- **Work to complete**
Only the lines from the start of the data through the line with "Infusing on an activity." belong in the copy. Restate them word for word, minus the pictures.
** Supplied information follows **
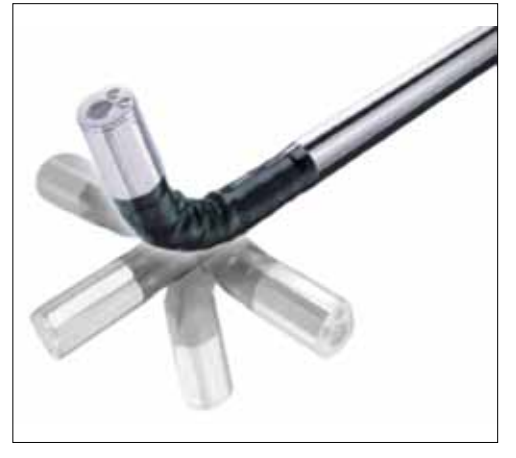
A flexible-tip laparoscope ensures good visualization of the surgical field.
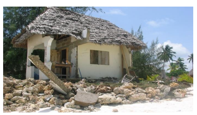
Seawater raises impact in tourism hotel development

Effects of Climate Change on Land Tenure in Zanzibar Islands (Tanzania) (8455) Rashid Mohammed Azzan (Tanzania)
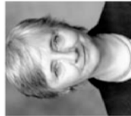
Gemma Jones (UK) QUEEN MARGARET
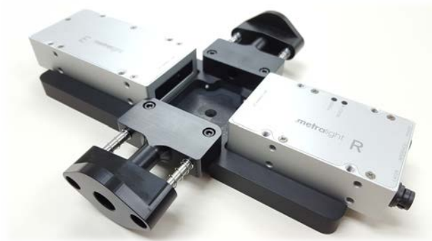
FIGURE 1: P4350 MX2 Laser Micrometer Assembly
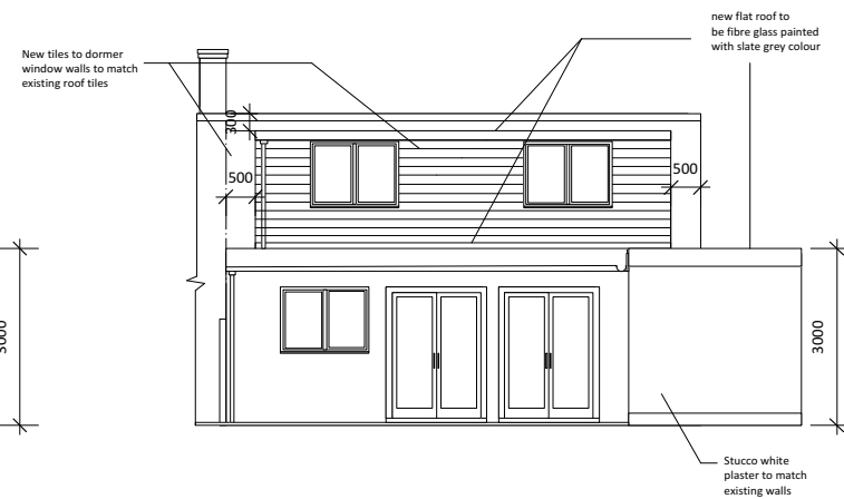
Proposed Exterior Rear Elevation H Scale 1:100
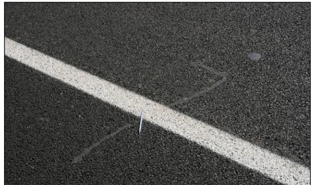
Figure 3.1: Morro Bay Control, May 2007 (0 months).
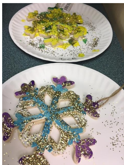
Adorable Sunday School Ornaments!
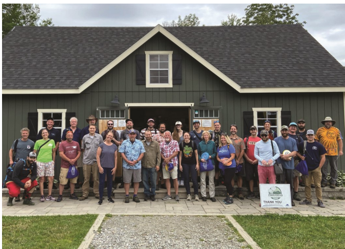
Participants at Water Professionals Appreciation Day at Smugglers Notch in July 2022.
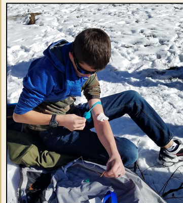
Infusing on an activity.
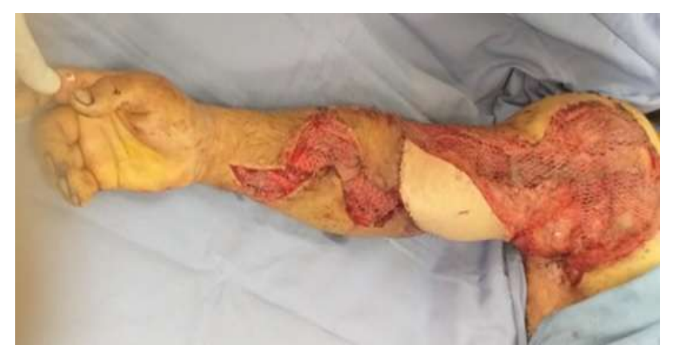
Figure9. Result. Latissimus dorsi musculocutaneous flap with cutaneous cover for anastomosis, collection, and application of intermediate partial thickness skin graft to cover the fasciotomy and bloody area
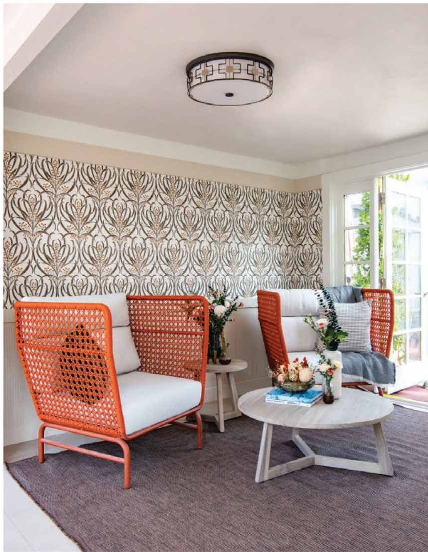
Pool cabana lounge by the Studio For
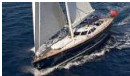
MARGARET ANN Length: 29.10 m Guest/Crew: 8/4 Area: East/West Mediterranean Rate (low-high): EUR 37 000 - 40 000/week
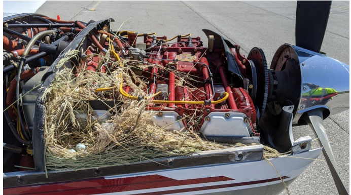
ENGINE PLUGS PREVENT BIRD NEST FOD. Piper Saratoga Engine Cowling Bird's Nest
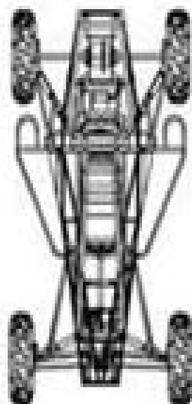
PEDAL BOX DETAILS 2006-10-BAL-001-08
** End of Supplied information **
- **Written response**
A flexible-tip laparoscope ensures good visualization of the surgical field.
Seawater raises impact in tourism hotel development

Effects of Climate Change on Land Tenure in Zanzibar Islands (Tanzania) (8455) Rashid Mohammed Azzan (Tanzania)
Gemma Jones (UK) QUEEN MARGARET
FIGURE 1: P4350 MX2 Laser Micrometer Assembly
Proposed Exterior Rear Elevation H Scale 1:100
Figure 3.1: Morro Bay Control, May 2007 (0 months).
Adorable Sunday School Ornaments!
Participants at Water Professionals Appreciation Day at Smugglers Notch in July 2022.
Infusing on an activity.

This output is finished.